Palestinian sci-fi! Good sci-fi should capture essential human dilemmas and shed light on philosophical issues. The stories here are mired in the conflict; the dreams can not reach beyond Apartheid walls, ethnic issues and surveillance states. It probably speaks more to the level and depth of Israeli oppression of Palestinians than the authors’ lack of imagination. Certain parts of certain texts show promise but few of the ideas can carry a story all the way. An interesting mix of styles, but all in all, unfortunately, still very immature and for a niched audience, to which I count myself.
Palestinian refugees are, in this sense, like nomads travelling across a landscape of memory. They carry their village in their hearts, like an internal compass where ‘north’ is always Palestine. They pass this compass down to their children, who sketch in the details on an ever-fading map…
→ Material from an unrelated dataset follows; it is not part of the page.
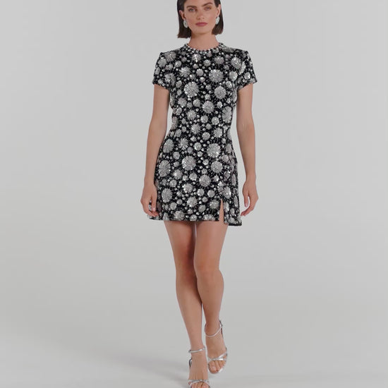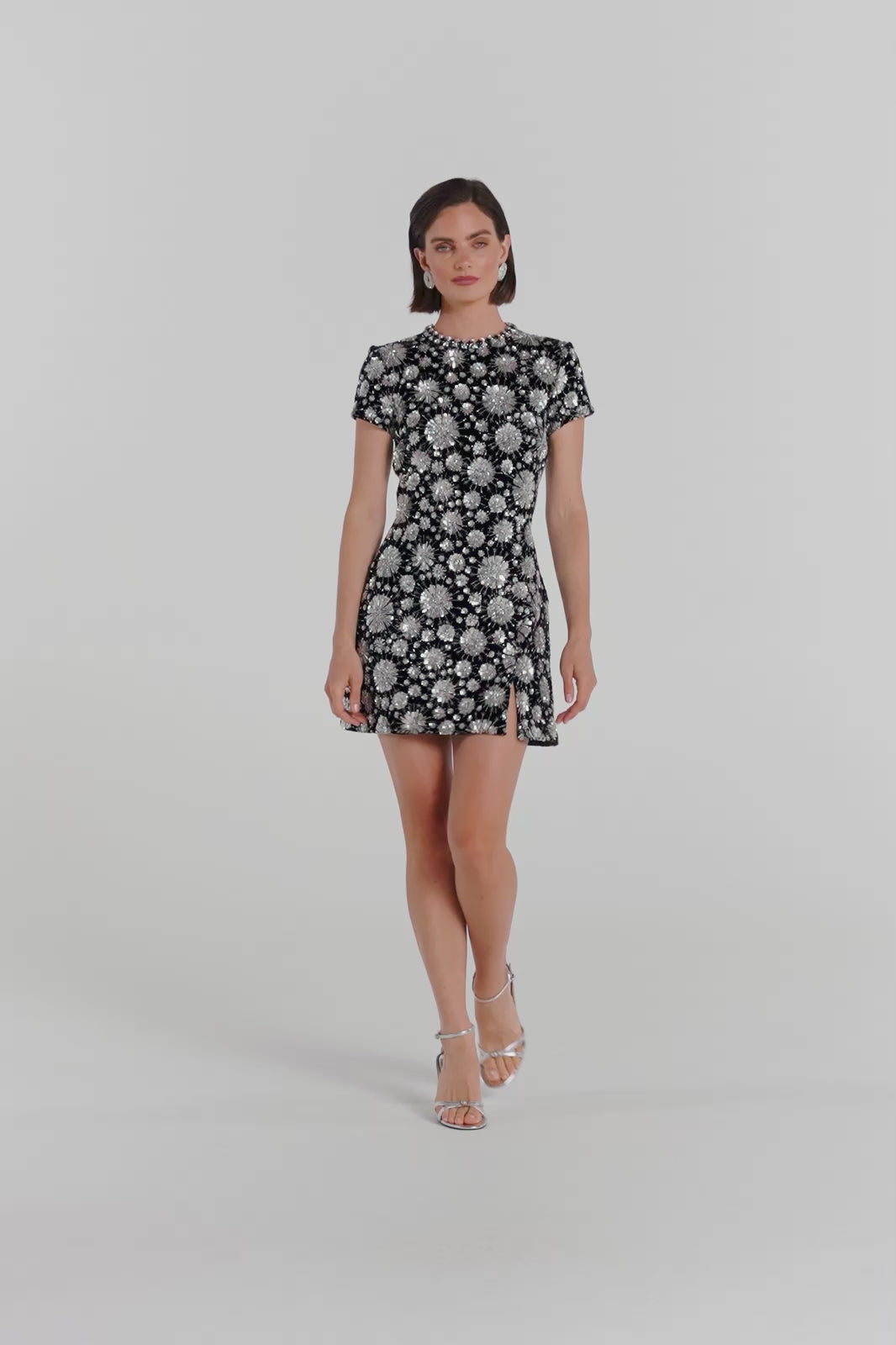 The EVIE Dress is crafted from our exclusive black velvet fabrication and is adorned silver constellation embroidered detailing throughout. Featuring a high round neckline with jewel trim, t-shirt bodycon mini silhouette, and slight slit at front. Fully lined with a concealed zip closure at back.

It is perhaps for this reason that the genre of science fiction has never been particularly popular among Palestinian authors; it is a luxury, to which Palestinians haven’t felt they can afford o escape. The cruel present (and the traumatic past) have too firm a grip on Palestinian writers’ imaginations for fanciful ventures into possible futures.
Majd Kayyal, N:
It’s a bitch, that thing they call an upbringing. Were only aware of the very end of its tail but its smooth slippery body stretches under our clothes and its head bites our children with poisonous memories, with images we spent a var and a lifetime trying to bury.